# Boxers or briefs. and other Boot camp memories.



## fuzzybuddy (May 4, 2021)

One of my memories of boot camp was that we were issued boxers. Tighty whities were verbotten. The reason I remember this was we had a sailor, who just couldn't wear boxers. It was a thing with him. He thought boxers were gross. He kept his civilian briefs and wore them under his boxers. The problem was where to keep them. The US Navy allots so many cubic inches to store your stuff. In boot camp, that meant only enough space for your uniforms. And on inspection, his " contraband" was found. This guy was good. He said it was a rag to shine his shoes, and not to wear. We knew that was BS, the company commander knew it was BS, but the guy was so good  at BSing, he got away with it. This guy would have made a great lawyer. I dunno. It's a boot camp memory.


----------



## Aunt Marg (May 4, 2021)

Love the story, Fuzzy!

My husband wore traditional men's underpants when I met him, and they always reminded me of the baby training pants that toddlers wore (back in the day) when toilet training, so the first time I had an opportunity to buy him some boxers (_real men underwear_), I did, and he never looked back.

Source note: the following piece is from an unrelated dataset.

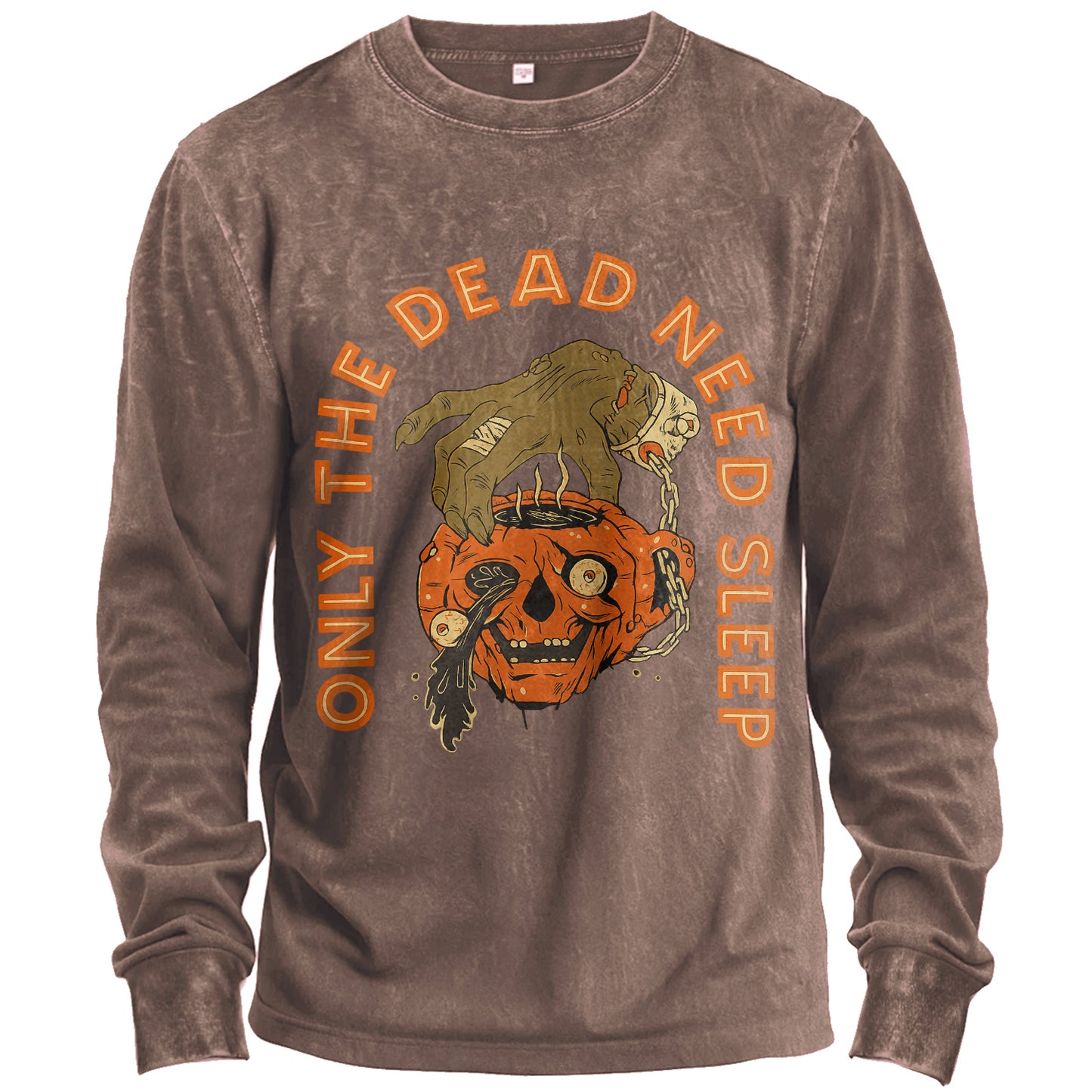 For the night owls and the never-say-die. This vintage-washed army-green long-sleeve T-shirt features a gritty Halloween graphic: a zombie hand gripping a chained jack-o’-lantern skull, framed by bold orange lettering that reads “ONLY THE DEAD NEED SLEEP.” Cut from soft 100% cotton for a broken-in feel right out of the bag.

I started all my boys off in traditional (little boy) underpants but quickly transitioned them to _real _men's underwear... _big boy_ underwear, none of that toddler, juvenile type stuff.

For all the men here...

https://www.mensuas.com/blogs/mens-underwear/why-do-guys-wear-white-underwear

Example of little boy undies


----------



## Llynn (May 4, 2021)

fuzzybuddy said:


> One of my memories of boot camp was that we were issued boxers. Tighty whities were verbotten. The reason I remember this was we had a sailor, who just couldn't wear boxers. It was a thing with him. He thought boxers were gross. He kept his civilian briefs and wore them under his boxers. The problem was where to keep them. The US Navy allots so many cubic inches to store your stuff. In boot camp, that meant only enough space for your uniforms. And on inspection, his " contraband" was found. This guy was good. He said it was a rag to shine his shoes, and not to wear. We knew that was BS, the company commander knew it was BS, but the guy was so good  at BSing, he got away with it. This guy would have made a great lawyer. I dunno. It's a boot camp memory.

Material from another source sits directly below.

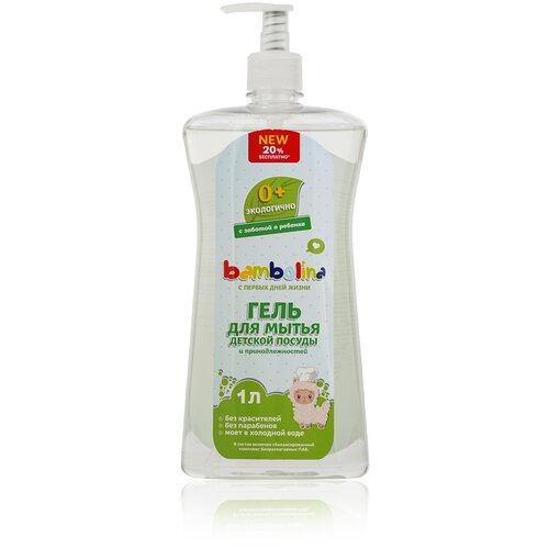 Гель для мытья посуды и детских принадлежностей Bambolina с дозатором, 1 л.

I can identify with your story. I had worn nothing but tightly whities my whole life. When I hit boot camp and was issued my regulation skivvies, I hated them. It felt as though I had a whole bolt of cloth stuffed down my britches.


----------



## cdestroyer (May 4, 2021)

nope nope.. briefs for me, I want a little more control of junior!!


----------



## Gaer (May 4, 2021)

IMO:  Boxers on men are so much sexier than briefs.  Especially if they are the tight boxers. 
and they bring attention to the man's muscular thighs.
But the bikini underware on men seems  terribly effeminate.  

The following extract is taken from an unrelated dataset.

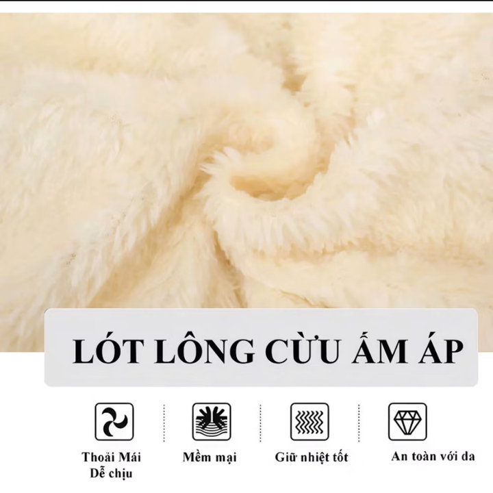 Bên ngoài là lớp chống gió, phao mịn, nhẹ tênh mà ấm áp. Bên trong là lông cừu mềm như mây, sờ vào cực sướng tay, mặc lên là chỉ muốn ôm hoài không muốn cởi.

Well, ifI  remember!  hahahaha!


----------



## Aunt Bea (May 4, 2021)




----------



## Aunt Marg (May 4, 2021)

Gaer said:


> IMO:  *Boxers on men are so much sexier than briefs.*  Especially if they are the tight boxers.
> and they bring attention to the man's muscular thighs.
> But the bikini underware on men seems  terribly effeminate.
> 
> Well, ifI  remember!  hahahaha!


Sexier AND more manly.

As for men's bikini underwear being "effeminate", your choice in wording is WAY more kind than what I would have chosen.


----------



## Gaer (May 4, 2021)

Aunt Marg said:


> Sexier AND more manly.
> 
> As for men's bikini underwear being "effeminate", your choice in wording is WAY more kind than what I would have chosen.


Oh, Oh, Oh!  There is a bookstore in quartzite, AZ who's owner ONLY WEARS NUDE COLORED BIKINI BRIEFS!  Nothing else!
I mean no clothes alt all!  
Has anyone else seen him?  hahahaha!


----------



## Aunt Marg (May 4, 2021)

Gaer said:


> Oh, Oh, Oh!  There is a bookstore in quartzite, AZ who's owner ONLY WEARS NUDE COLORED BIKINI BRIEFS!  Nothing else!
> I mean no clothes alt all!
> Has anyone else seen him?  hahahaha!


Nope, haven't seen him and don't want to, Gaer! LOL!


----------